Anche l’ex presidente dell’Antimafia Luciano Violante boccia i sequestri preventivi nei casi di corruzione non mafiosa. Afferma Violante: “L’estensione dei sequestri è frutto dell’illusione repressiva; si pretende di risolvere ogni problema  sociale con l’aumento della repressione penale”. E, ancora: “L’ordine si costruisce con il consenso non con la punizione. L’illusione repressiva nega il valore civile della pedagogia, della persuasione, per ridurre tutto alla sequenza giudici, processi, carcere. Sempre più processi, sempre più carcere nell’illusione di avere più ordine. A volte sembriamo sospesi tra infantilismo politico e inciviltà del diritto”.

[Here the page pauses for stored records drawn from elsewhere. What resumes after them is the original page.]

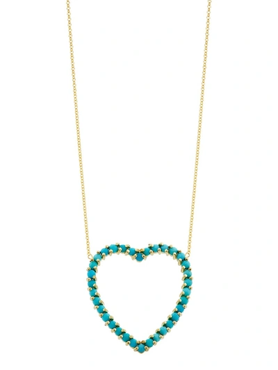 Yellow Gold, Diamond And Turquoise Open Heart Necklace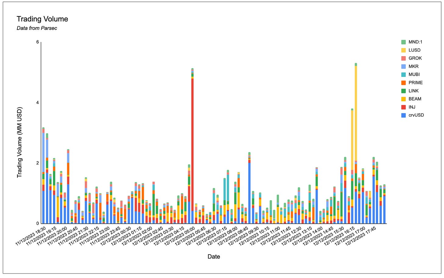 crvUSD, INJ and BEAM dominated onchain volumes.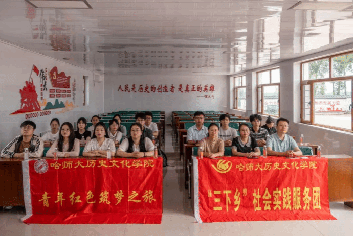 的本科生和研究生学子们在中国史教师党支部书记刘丽丽,学院教师金丽雪、韩厚明及教科办老师们的带领下,踏上了“青年红色筑梦之旅”及“三下乡”的征程。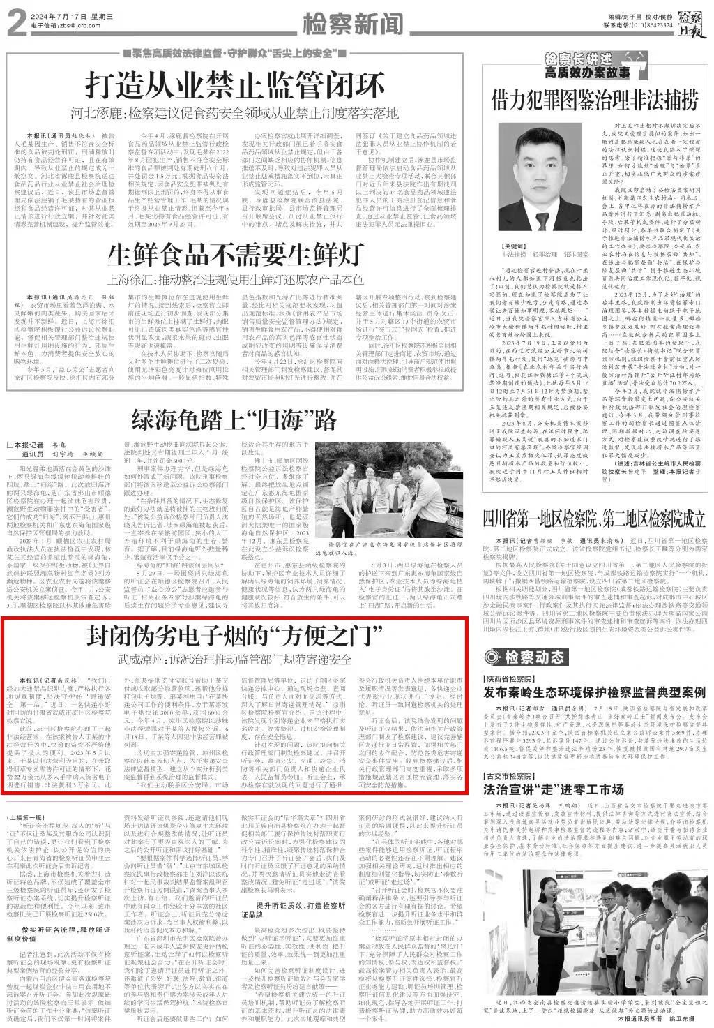 2024年7月17日,检察日报刊发《封闭伪劣电子烟的“方便之门”——武威凉州:诉源治理推动监管部门规范寄递安全》。

Questo vizietto però è tutto italico. Non ci sono solo i partiti di destra, Lega in testa, che pensano che tutti i mali sociali si possano risolvere con pene esemplari e con il carcere a gogò. Molto più facile è il punire che l’educare, specialmente nel sociale. Ma ingolfare le carceri e le aule di tribunale alla fine serve solo a che taluni soggetti, politici in particolare, possano ripetere il refrain: “i colpevoli sono stati puniti, assicurati alla giustizia”, senza però che niente in fatto di legalità sia veramente cambiato.

Dopo le vacanze estive il provvedimento dovrebbe essere ridiscusso alla Camera dove però “i casi caldi” da affrontare non sono pochi. A partire dalla riforma elettorale e dalla legge di bilancio che prevedibilmente tre mesi di lavoro del Parlamento se li prenderà. Stando così le cose, e ipotizzando che la legislatura potrà avere ancora sette o otto mesi di vita, sembra difficile che in così poco tempo il Codice possa essere varato. Anche perché molti interrogativi irrisolti al Senato dovranno essere approfonditi e votati alla Camera, come ha twittato il presidente del Partito democratico Matteo Orfini. 

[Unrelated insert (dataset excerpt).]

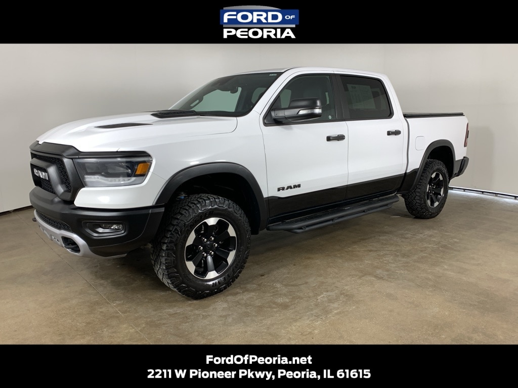 Bright White Clear-Coat 2021 Ram 1500 Rebel Crew Cab 4x4 with Black cloth and vinyl interior - available now at Ford of Peoria in Peoria, IL. This clean AutoCheck one-owner Ram 1500 Rebel blends aggressive off-road capability, powerful V8 performance, and bold Rebel-exclusive styling, making it an excellent choice for drivers who want a full-size truck that's equally ready for work, adventure, and everyday driving.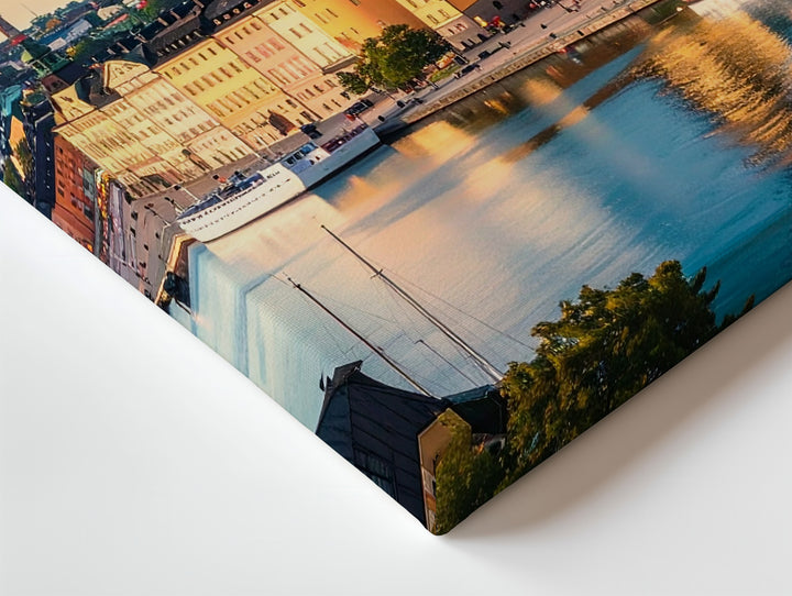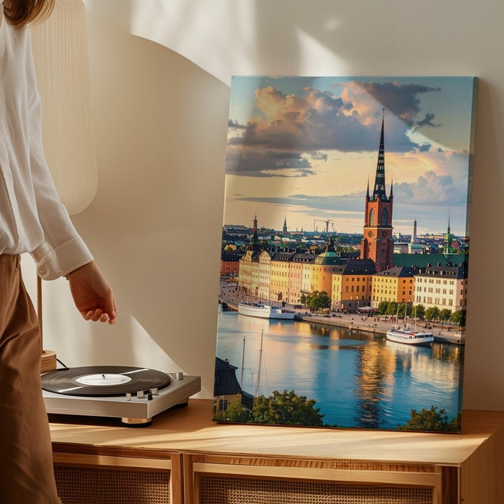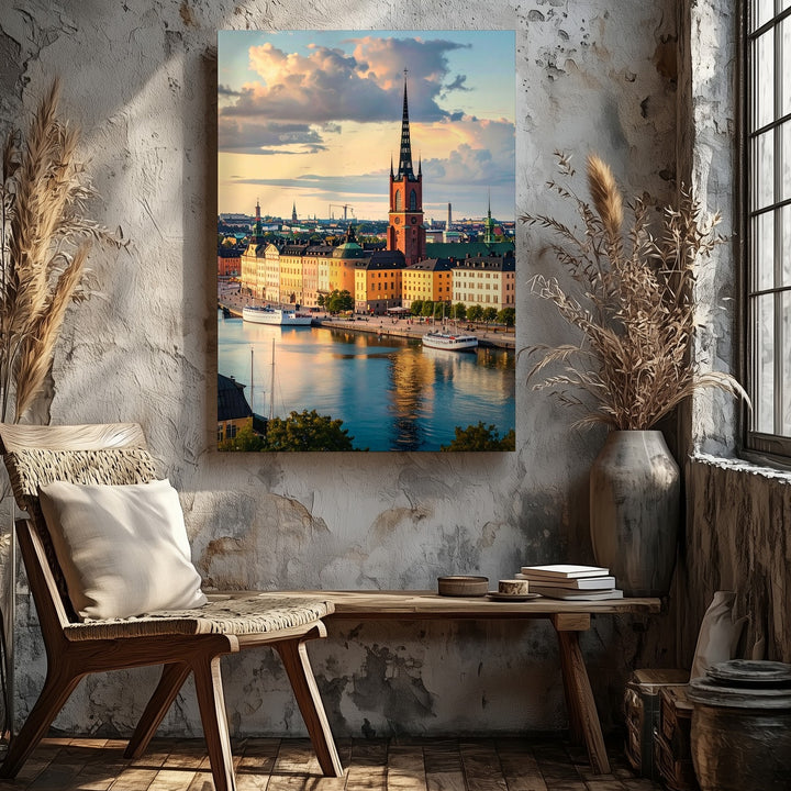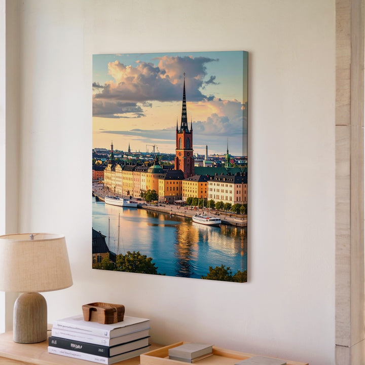 Stockholm Waterfront Canvas – Warm European Cityscape with Historic Buildings and Spire

C’è chi sostiene che la fretta di far passare a Palazzo Montecitorio il provvedimento sia dovuta al fatto che il Guardasigilli Orlando, proprio per la contrapposizione a Matteo Renzi, avesse bisogno di pubblicità nei confronti dell’opinione pubblica. Una medaglia d’appuntarsi sul petto, ben visibile agli occhi di un elettorato sempre più giustizialista. Ciò proprio nella fase in cui il Matteo gigliato qualche difficoltà l’ha con i big del suo partito. Che sul dibattito e sull’approvazione alla Camera del provvedimento abbia influito molto lo scontro interno al Pd lo sostiene anche il leghista Calderoli. In merito ai “pasticci” relativi alla copertura finanziaria del provvedimento Calderoli afferma che è una polpetta avvelenata dei renziani al ministro Orlando? E’ talmente marchiano che mi rifiuto di pensare ad un errore”.

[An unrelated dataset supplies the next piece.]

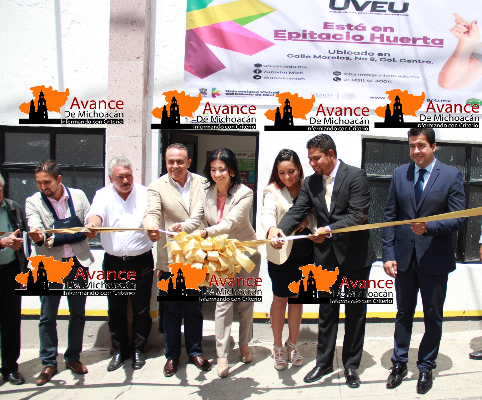 Epitacio Huerta, Mich., a 7 de agosto de 2016.- La rectora de la Universidad Virtual del Estado de Michoacán (Univim) Silvia Mendoza Valenzuela y el presidente municipal de Epitacio Huerta, Miguel Ángel Vega Jasso, inauguraron la Unidad Virtual de Extensión Universitaria (UVEU), en la cabecera municipal, misma que tuvo una inversión de 32 mil pesos, en beneficio de los jóvenes y adultos de esta zona.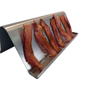 Assador De Bacon Para Hambúrguer e Churrasqueira Inox Escovado 304 O Assador de bacon da Cozinha Clube é ideal para ter aquela fatia de bacon perfeitamente assada e crocante. Basta apoiar a fatia de bacon sobre o assador e levalo a churrasqueira a gás ou carvão, na chapa, ou até mesmo ao forno e sem sujeira ou fumaça pois o assador possui o coletor de gordura evitando que a gordura caia ao fogo ou faça sujeira. Ideal para Hambúrguer e lanches perfeitos. Imagens meramente ilustrativas. Especificações Fabricado em Aço Inox 304 material nobre, não enferruja , Acabamento Escovado. Peso aproximado: 1300 gramas. Dimensões: Comp. 31 cm Larg. 20 cm Alt. 12 cm. Para fatias de mais que 30 cm de comprimento. Garantia Garantia: 3 messes contra defeitos de Fabricação. Marca: Cozinha clube

Invece Rosy Bindi, presidente della commissione Antimafia, è “contenta che alcune tardive obiezioni siano state superate dalla volontà politica di non vanificare il lungo e approfondito lavoro fatto in questi tre anni. La riforma è attesa da troppo tempo, necessaria e nel complesso ben fatta”.

Affermava George Bernard Shaw che “nessuna domanda è più difficile di quella la cui risposta è ovvia”. Le domande difficili nel caso in questione sono proprio tante.